By Lisa de Moraes
Thursday, October 26, 2006
Poor Oprah, martyr to technology, did not get to air her interview with Madonna about her adoption of a Malawian baby boy until a full 24 hours after it had been taped -- and 24 hours after the rest of us were So Over It and the boy's father had recanted his position that he'd been duped by government officials and wanted his son back.
Oprah called it "a media story like we've never seen," it having momentarily slipped her mind that just five months ago the media had declared Tom Cruise to be completely insane after he came on her very show, stomped all over her couch and tried to arm-wrestle both her arms simultaneously. The media have suggested only that Madonna is a baby snatcher -- no comparison, really.

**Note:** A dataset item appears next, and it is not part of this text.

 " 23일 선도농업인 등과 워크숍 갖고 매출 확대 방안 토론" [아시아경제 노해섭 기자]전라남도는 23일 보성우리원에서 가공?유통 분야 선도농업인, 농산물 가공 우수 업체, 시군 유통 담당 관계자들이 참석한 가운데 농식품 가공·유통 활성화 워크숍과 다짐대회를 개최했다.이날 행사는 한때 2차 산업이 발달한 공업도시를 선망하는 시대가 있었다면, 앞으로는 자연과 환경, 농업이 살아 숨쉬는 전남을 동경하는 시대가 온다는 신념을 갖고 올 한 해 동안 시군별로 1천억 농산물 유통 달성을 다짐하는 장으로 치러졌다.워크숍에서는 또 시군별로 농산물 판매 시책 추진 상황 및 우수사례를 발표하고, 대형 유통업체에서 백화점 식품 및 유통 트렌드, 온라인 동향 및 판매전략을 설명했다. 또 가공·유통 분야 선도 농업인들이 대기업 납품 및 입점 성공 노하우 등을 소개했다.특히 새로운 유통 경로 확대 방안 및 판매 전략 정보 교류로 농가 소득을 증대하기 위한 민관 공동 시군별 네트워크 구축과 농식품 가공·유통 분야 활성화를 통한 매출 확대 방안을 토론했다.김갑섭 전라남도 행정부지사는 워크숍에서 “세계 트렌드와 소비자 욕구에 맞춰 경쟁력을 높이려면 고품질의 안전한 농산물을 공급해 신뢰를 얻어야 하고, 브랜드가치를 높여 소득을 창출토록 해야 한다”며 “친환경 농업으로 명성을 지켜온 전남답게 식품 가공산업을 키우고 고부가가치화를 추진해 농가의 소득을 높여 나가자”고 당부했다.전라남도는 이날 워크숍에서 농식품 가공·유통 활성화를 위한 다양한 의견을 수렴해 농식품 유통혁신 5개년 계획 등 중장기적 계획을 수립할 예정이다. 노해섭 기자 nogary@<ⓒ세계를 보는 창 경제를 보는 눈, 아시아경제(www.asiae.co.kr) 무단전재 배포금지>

The pop star, while not all in black with a scarf over her head, was dressed very primly, her hair uncombed and dark at the roots to heighten the "I'm just a homebody mom" effect, though the eyeliner caterpillars that jumped out at us every time she looked down to check her notes/script kind of wrecked the effect.

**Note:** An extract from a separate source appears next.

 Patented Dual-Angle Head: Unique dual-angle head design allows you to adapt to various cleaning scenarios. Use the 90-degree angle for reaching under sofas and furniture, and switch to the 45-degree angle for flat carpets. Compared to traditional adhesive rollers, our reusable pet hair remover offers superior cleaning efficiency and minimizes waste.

On the show aired yesterday, Madonna appeared via satellite from London; Oprah interviewed her larger-than-life head on a screen.
"I want you to set the record straight because . . . it's gotten crazy here," said Oprah.
"I was just asking the audience whether this merits headline news with all the other real atrocities going on in the world and all of this attention being focused on you," Oprah continued. Grievously, she never revealed the studio audience's answer. "When did you realize that it's becoming this big of a deal?"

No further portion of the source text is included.